HAKE-Action (TensorFlow) is a project to open the SOTA action understanding studies based on our Human Activity Knowledge Engine. It includes reproduced SOTA models and their HAKE-enhanced versions. HAKE-Action is authored by Yong-Lu Li, Xinpeng Liu, Liang Xu, Cewu Lu. Currently, it is manintained by Yong-Lu Li, Xinpeng Liu and Liang Xu.
(2022.11.19) We release the interactive object bounding boxes & classes in the interactions within AVA dataset (2.1 & 2.2)! HAKE-AVA, [Paper]. BTW, we also release a CLIP-based human body part states recognizer in CLIP-Activity2Vec!
(2022.07.29) Our new work PartMap (ECCV'22) is released! Paper, Code
(2022.02.14) We release the human body part state labels based on AVA: HAKE-AVA and HAKE 2.0 paper.
(2021.10.06) Our extended version of SymNet is accepted by TPAMI! Paper and code are coming soon.
(2021.2.7) Upgraded HAKE-Activity2Vec is released! Images/Videos --> human box + ID + skeleton + part states + action + representation. [Description]
(2021.1.15) Our extended version of TIN (Transferable Interactiveness Network) is accepted by TPAMI! New paper and code will be released soon.
(2020.10.27) The code of IDN (Paper) in NeurIPS'20 is released!
(2020.6.16) Our larger version HAKE-Large (>120K images, activity and part state labels) is released!
We released the HAKE-HICO (image-level part state labels upon HICO) and HAKE-HICO-DET (instance-level part state labels upon HICO-DET). The corresponding data can be found here: HAKE Data.
- Paper is here.
- More data and part states (e.g., upon AVA, more kinds of action categories, more rare actions...) are coming.

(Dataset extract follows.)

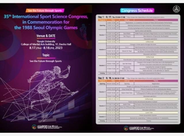 18일에는 좌식생활의 위험성_조정운동역학(박송영, University of Nebraska at Omaha; 윤현철, Kokushikan University), 미래사회와 학교체육(Senlin Chen, Louisiana State University; Shan-Hui, National Cheng Kung University)이라는 주제로 발제와 토론이 열린다. 3부 세션에서는 16개 협력학회와 아시아태평양체육학회의 학회별 포스터 및 구두 발표가 진행된다.

- We will keep updating HAKE-Action to include more SOTA models and their HAKE-enhanced versions.
-
HAKE-HICO (PaStaNet* mode in paper): image-level, add the aggression of all part states in an image (belong to one or multiple active persons), compared with original HICO, the only additional labels are image-level human body part states.
-
HAKE-HICO-DET (PaStaNet* in paper): instance-level, add part states for each annotated persons of all images in HICO-DET, the only additional labels are instance-level human body part states.
-
HAKE-Large (PaStaNet in paper): contains more than 120K images, action labels and the corresponding part state labels. The images come from the existing action datasets and crowdsourcing. We mannully annotated all the active persons with our novel part-level semantics.
-
GT-HAKE (GT-PaStaNet* in paper): GT-HAKE-HICO and G-HAKE-HICO-DET. It means that we use the part state labels as the part state prediction. That is, we can perfectly estimate the body part states of a person. Then we use them to infer the instance activities. This mode can be seen as the upper bound of our HAKE-Action. From the results below we can find that, the upper bound is far beyond the SOTA performance. Thus, except for the current study on the conventional instance-level method, continue promoting part-level method based on HAKE would be a very promising direction.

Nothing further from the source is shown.